Input data
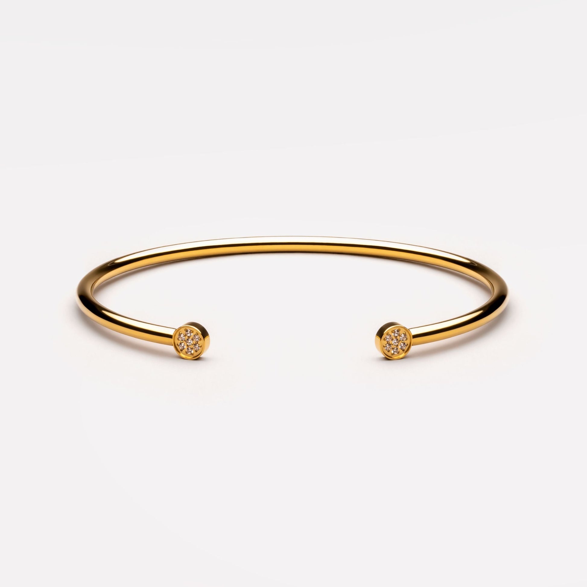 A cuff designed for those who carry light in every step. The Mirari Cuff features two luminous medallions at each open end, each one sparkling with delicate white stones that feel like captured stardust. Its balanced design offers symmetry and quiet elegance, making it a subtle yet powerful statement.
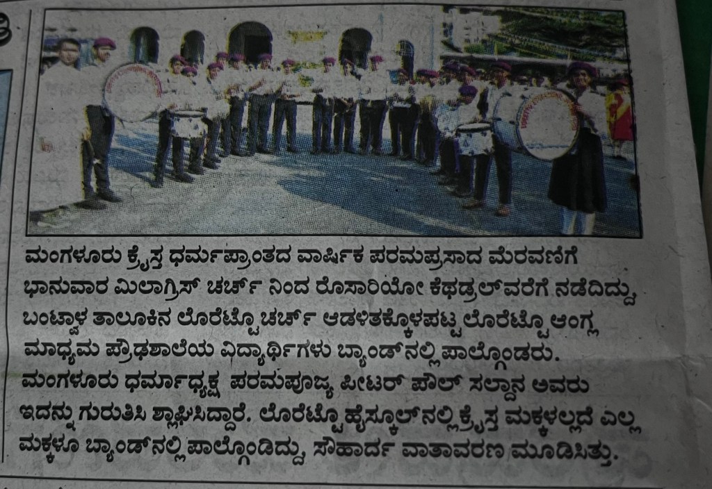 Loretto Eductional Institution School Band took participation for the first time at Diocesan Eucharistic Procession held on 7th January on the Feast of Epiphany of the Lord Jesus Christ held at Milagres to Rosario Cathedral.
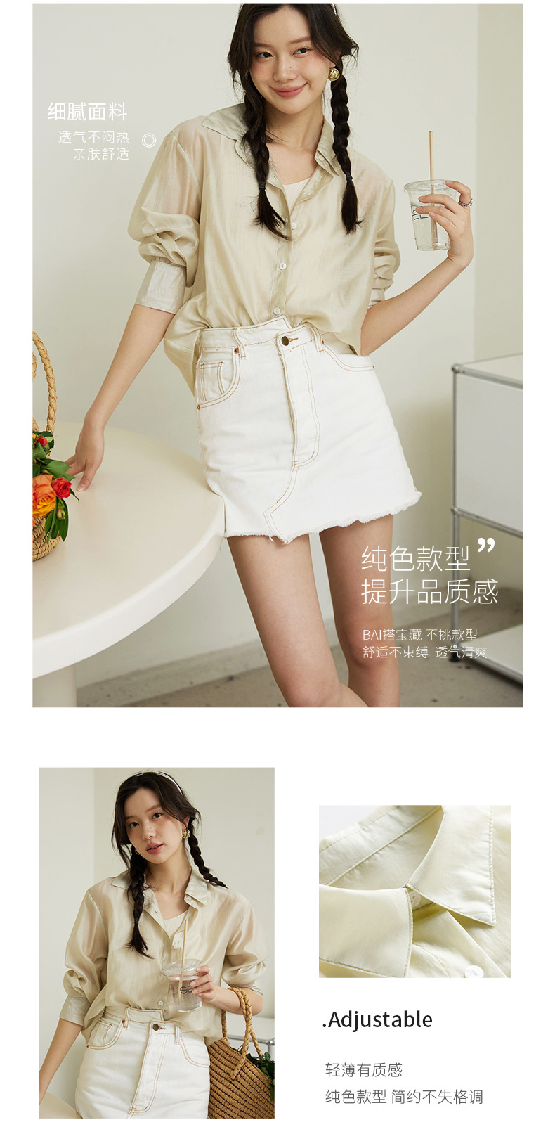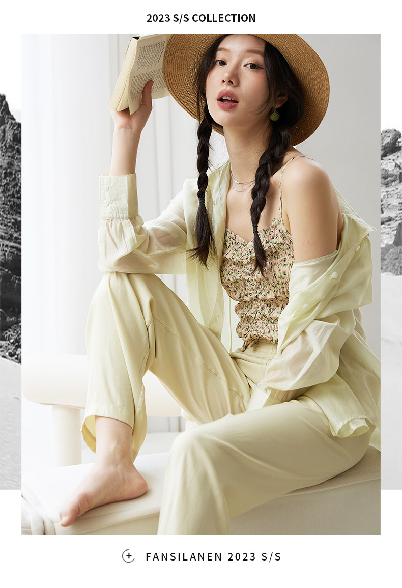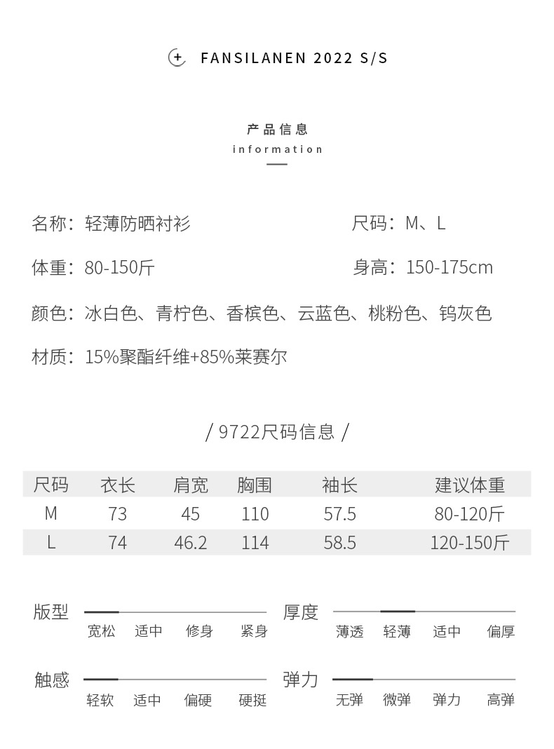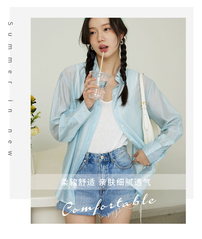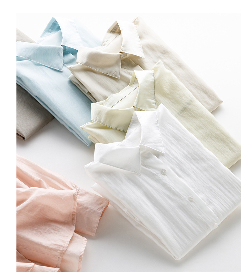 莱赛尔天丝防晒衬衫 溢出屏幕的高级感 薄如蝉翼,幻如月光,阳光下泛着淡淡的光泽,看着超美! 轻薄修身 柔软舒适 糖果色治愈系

Work item
Begin at the line that contains "Loretto Eductional Institution" and transcribe exactly, and only, each line through the final line of the data above, both included; the pictures do not go in.

Result
 Loretto Eductional Institution School Band took participation for the first time at Diocesan Eucharistic Procession held on 7th January on the Feast of Epiphany of the Lord Jesus Christ held at Milagres to Rosario Cathedral.
 莱赛尔天丝防晒衬衫 溢出屏幕的高级感 薄如蝉翼,幻如月光,阳光下泛着淡淡的光泽,看着超美! 轻薄修身 柔软舒适 糖果色治愈系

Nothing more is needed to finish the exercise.